◆ Goal of the exercise:
The line with "深めの前開きが印象的な、ミニマルデザインのスキッパーシャツ。", the line with "石垣島を代表する景勝地「玉取", and all lines between them in the material below: return these exactly, and no others.

◆ Data in this exercise:
=-=-=
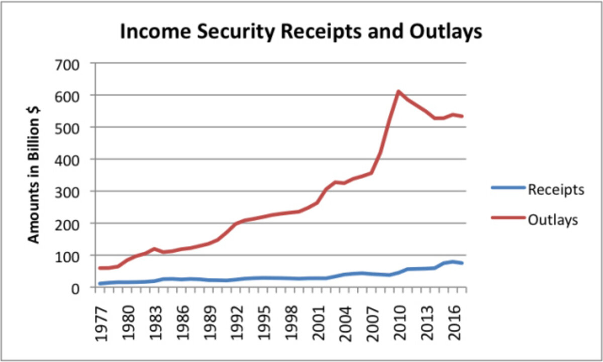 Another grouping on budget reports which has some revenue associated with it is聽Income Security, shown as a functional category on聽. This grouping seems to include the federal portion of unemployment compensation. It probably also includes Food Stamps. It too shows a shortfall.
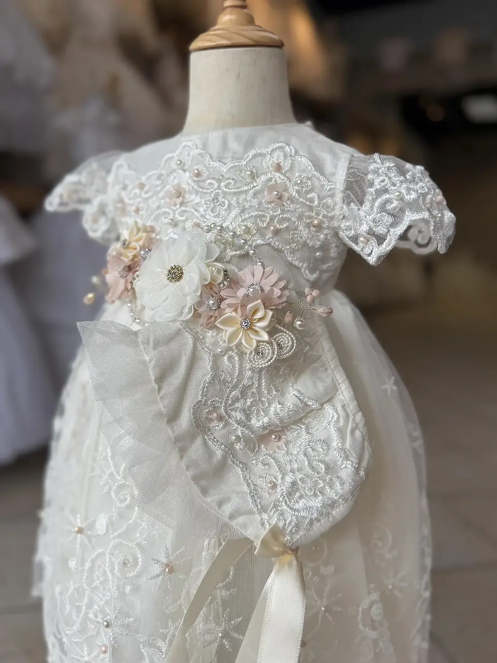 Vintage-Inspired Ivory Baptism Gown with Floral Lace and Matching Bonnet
=-=-=
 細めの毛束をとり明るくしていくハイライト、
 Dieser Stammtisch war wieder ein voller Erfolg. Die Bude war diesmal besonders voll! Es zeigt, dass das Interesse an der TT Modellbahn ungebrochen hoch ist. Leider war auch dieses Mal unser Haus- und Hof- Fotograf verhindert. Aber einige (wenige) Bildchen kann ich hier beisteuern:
=-=-=
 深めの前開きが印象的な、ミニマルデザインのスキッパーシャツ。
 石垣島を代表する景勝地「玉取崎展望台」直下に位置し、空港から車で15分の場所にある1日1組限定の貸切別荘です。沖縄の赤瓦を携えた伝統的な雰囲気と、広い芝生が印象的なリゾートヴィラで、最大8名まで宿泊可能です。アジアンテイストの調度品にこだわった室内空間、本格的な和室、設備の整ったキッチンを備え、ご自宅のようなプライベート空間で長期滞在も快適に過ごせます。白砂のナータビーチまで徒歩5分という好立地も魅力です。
=-=-=
◆ Task solution:
 深めの前開きが印象的な、ミニマルデザインのスキッパーシャツ。
 石垣島を代表する景勝地「玉取崎展望台」直下に位置し、空港から車で15分の場所にある1日1組限定の貸切別荘です。沖縄の赤瓦を携えた伝統的な雰囲気と、広い芝生が印象的なリゾートヴィラで、最大8名まで宿泊可能です。アジアンテイストの調度品にこだわった室内空間、本格的な和室、設備の整ったキッチンを備え、ご自宅のようなプライベート空間で長期滞在も快適に過ごせます。白砂のナータビーチまで徒歩5分という好立地も魅力です。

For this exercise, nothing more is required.